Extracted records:
"""

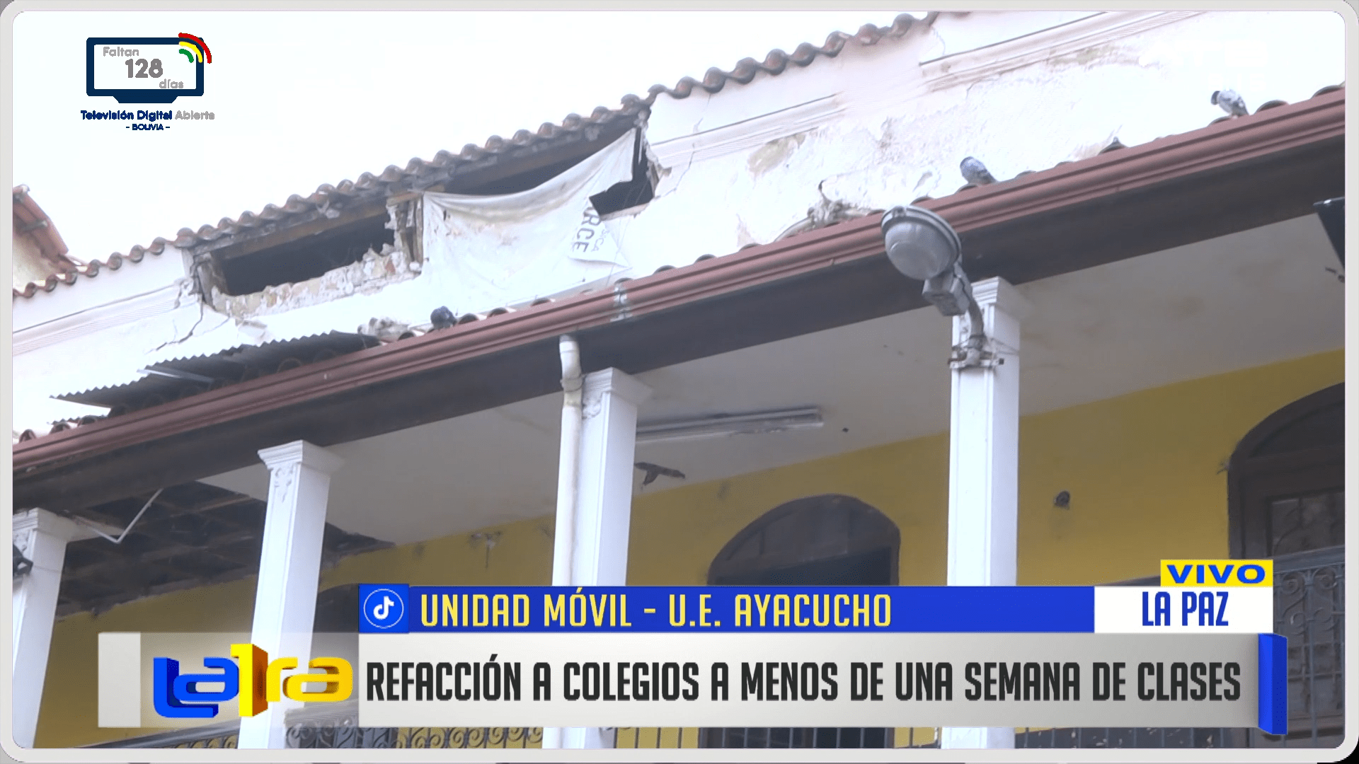 La Paz, 22 de ene 2026 (ATB Digital).- A menos de una semana del retorno a clases, se realizan trabajos de refacción en el colegio Ayacucho, una de las instituciones más antiguas de La Paz, donde se intervienen diversas instancias afectadas por humedad y deterioro, con el objetivo de garantizar un inicio seguro del año escolar.
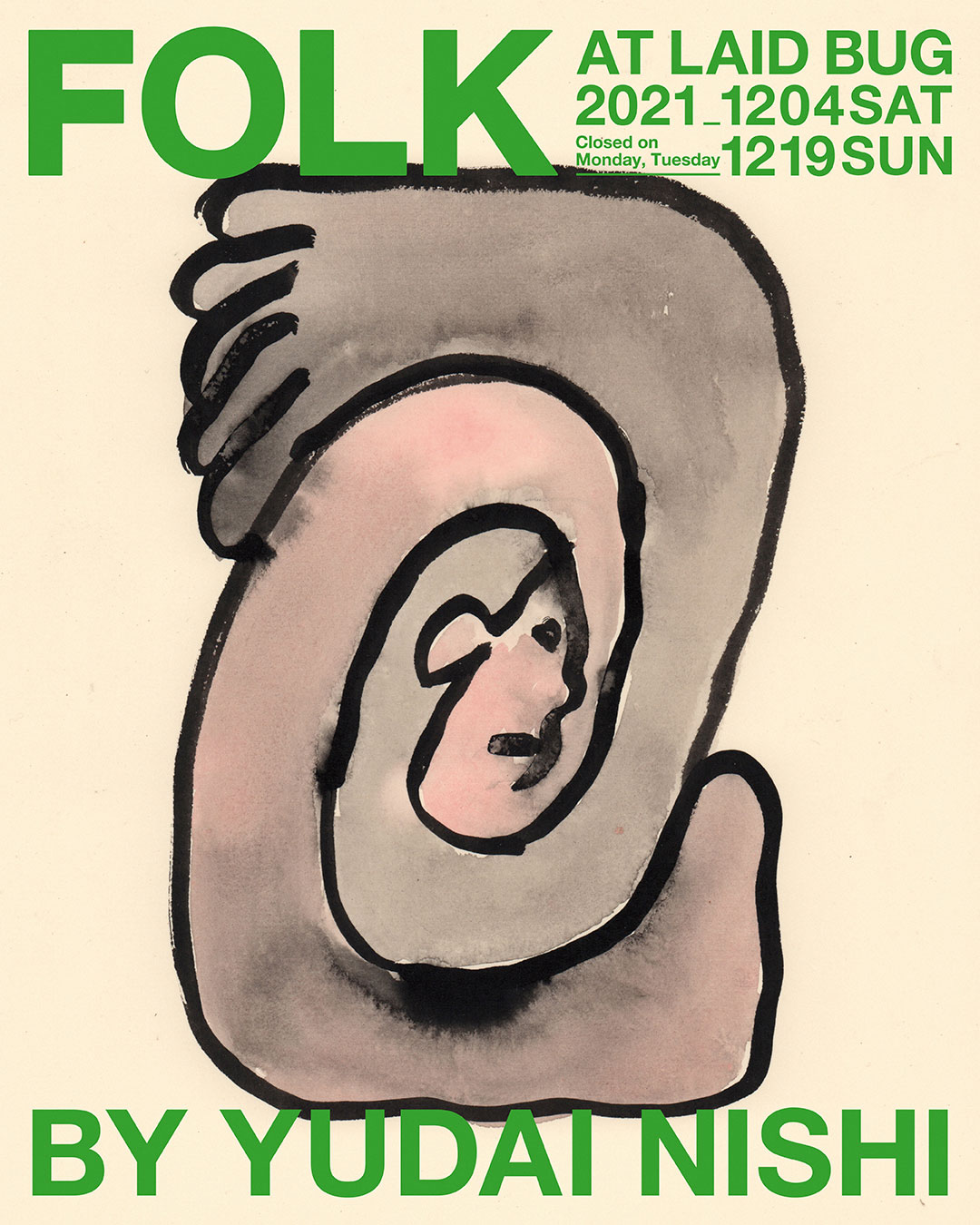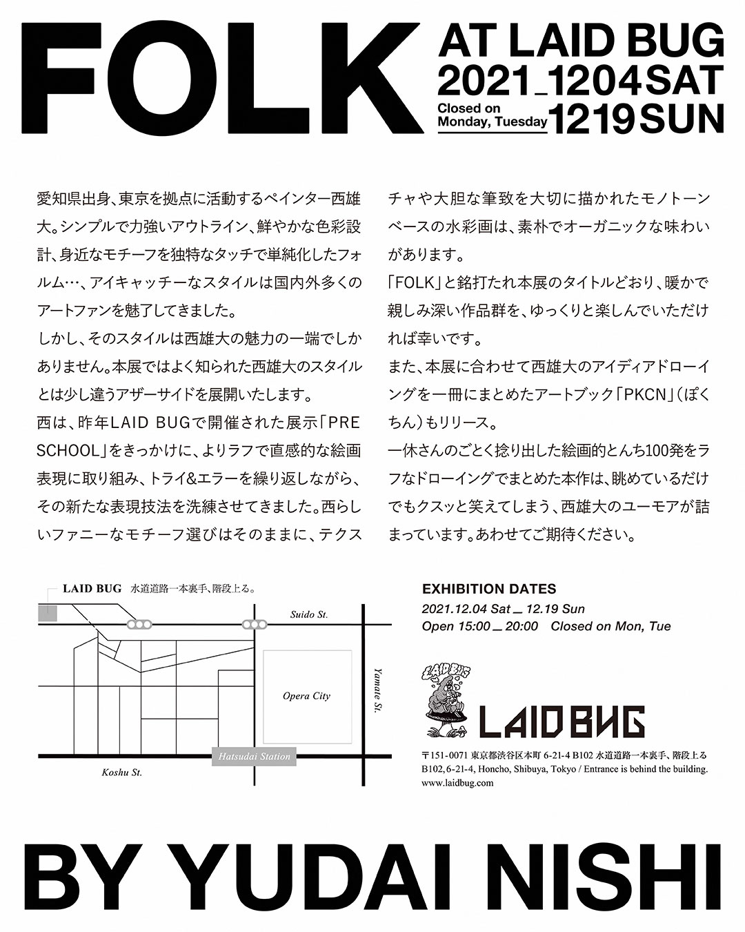 1991年愛知県に生まれ、2014年頃から多くのグループ展や個展を開催してきた西。「FOLK」には、強度の高いアウトラインと豊かな色彩で知られる西のパブリック・イメージとは異なる新作を出展。昨年9月にLAID BUGで開催された個展「PRE SCHOOL」以降に取り組んできた、モノトーン基調の水彩画が展示販売されます。また同展に合わせ、アイディア・ドローイングをコンパイルしたアート・ブック『PKCN(ぽくちん)』(LAID BUG)も刊行。“絵画的とんち100発”が掲載される同書は、デザインをLAID BUGの木内俊文、実光政直が担当しています。
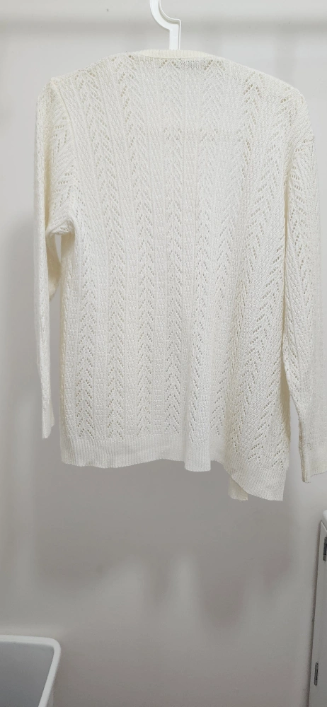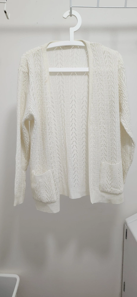 White knit cardigan with long sleeves, open front and two pockets Length: 27" Shoulder width: 18" Sleeves: 23" 100% Acrylique Made in Canada
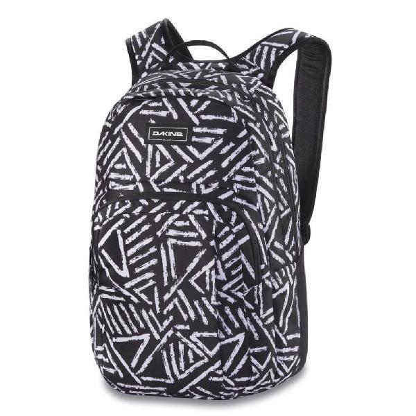 Praktische back to school-rugzak van Dakine met een inhoud van 25 liter en een zwart-witte geometrische print. Met ruime hoofdvakken, organiser, laptophoes, geïsoleerd koelvak, zonnebrilvak en meer!
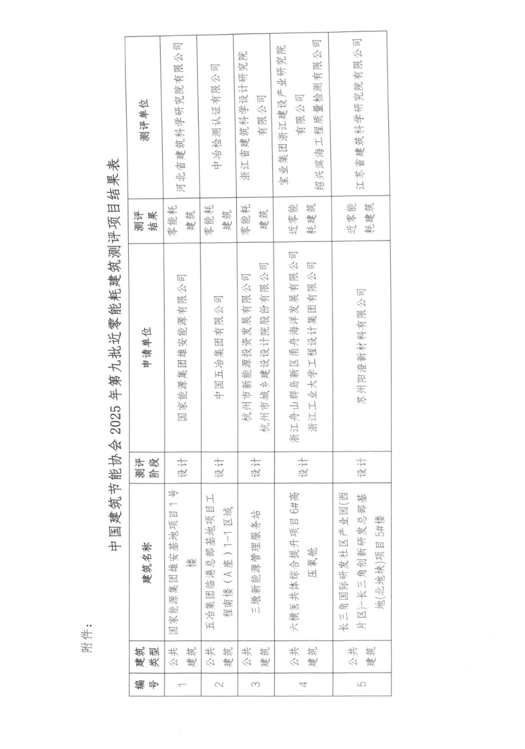 附件:《中国建筑节能协会2025年第九批近零能耗建筑测评项目结果表》
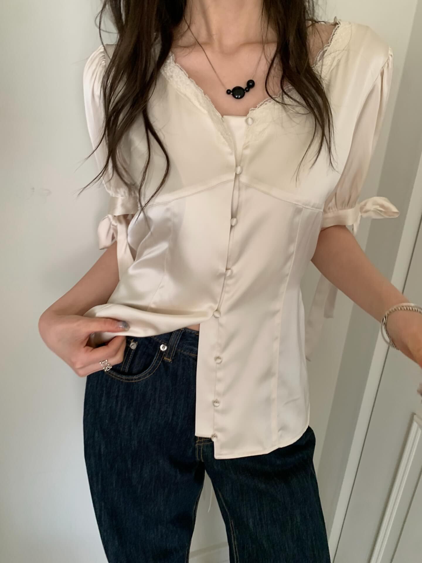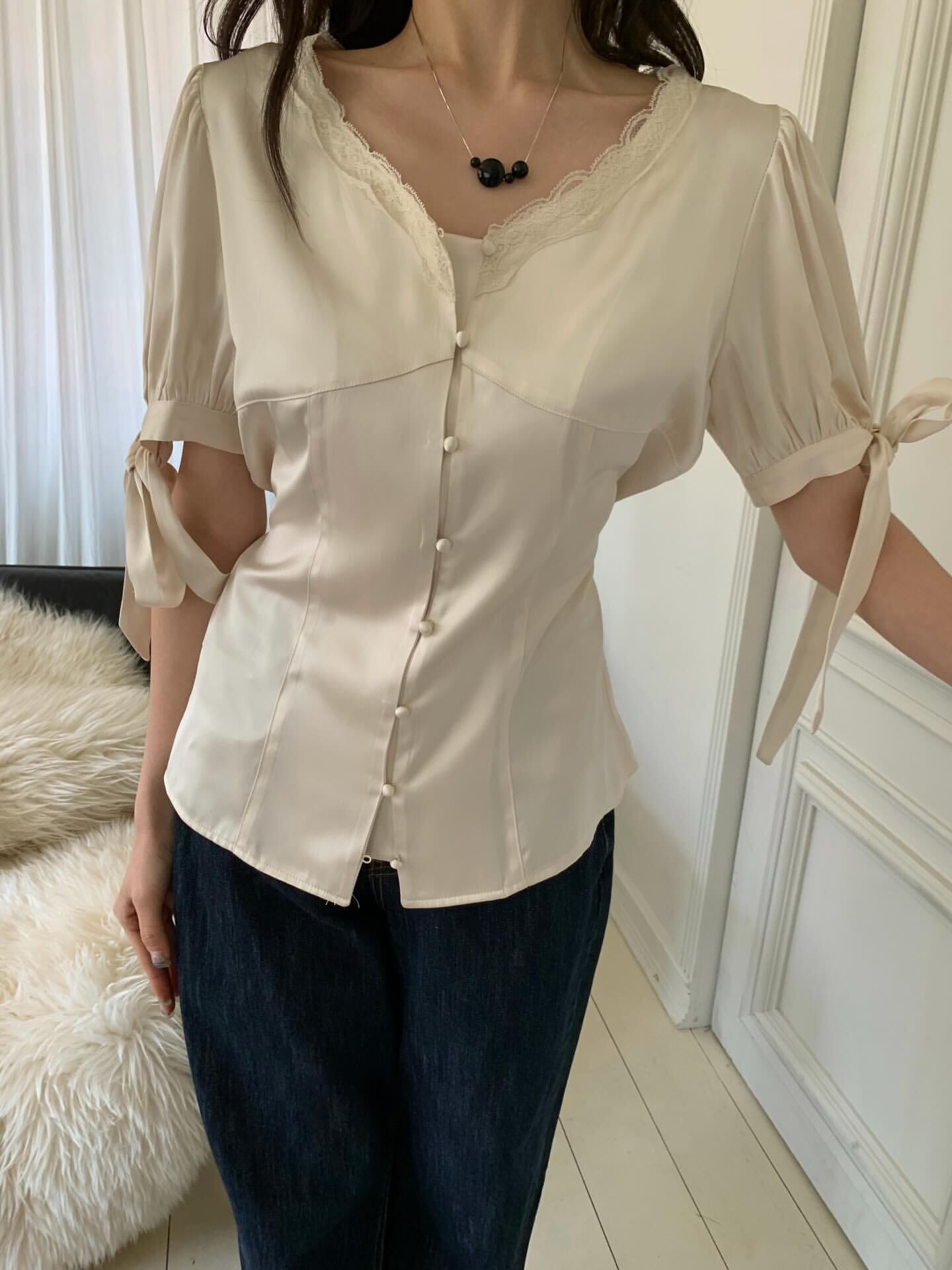 (予約)poster / Ray Ribbon Blouse / 3color

"""

From the line containing "附件:《中国建筑节能协会2025年第九批近零能耗建筑测评项目结果表》" down to the last line of the entries above, copy each line exactly and nothing more. Leave pictures out.

**YOUR RESPONSE**
 附件:《中国建筑节能协会2025年第九批近零能耗建筑测评项目结果表》
 (予約)poster / Ray Ribbon Blouse / 3color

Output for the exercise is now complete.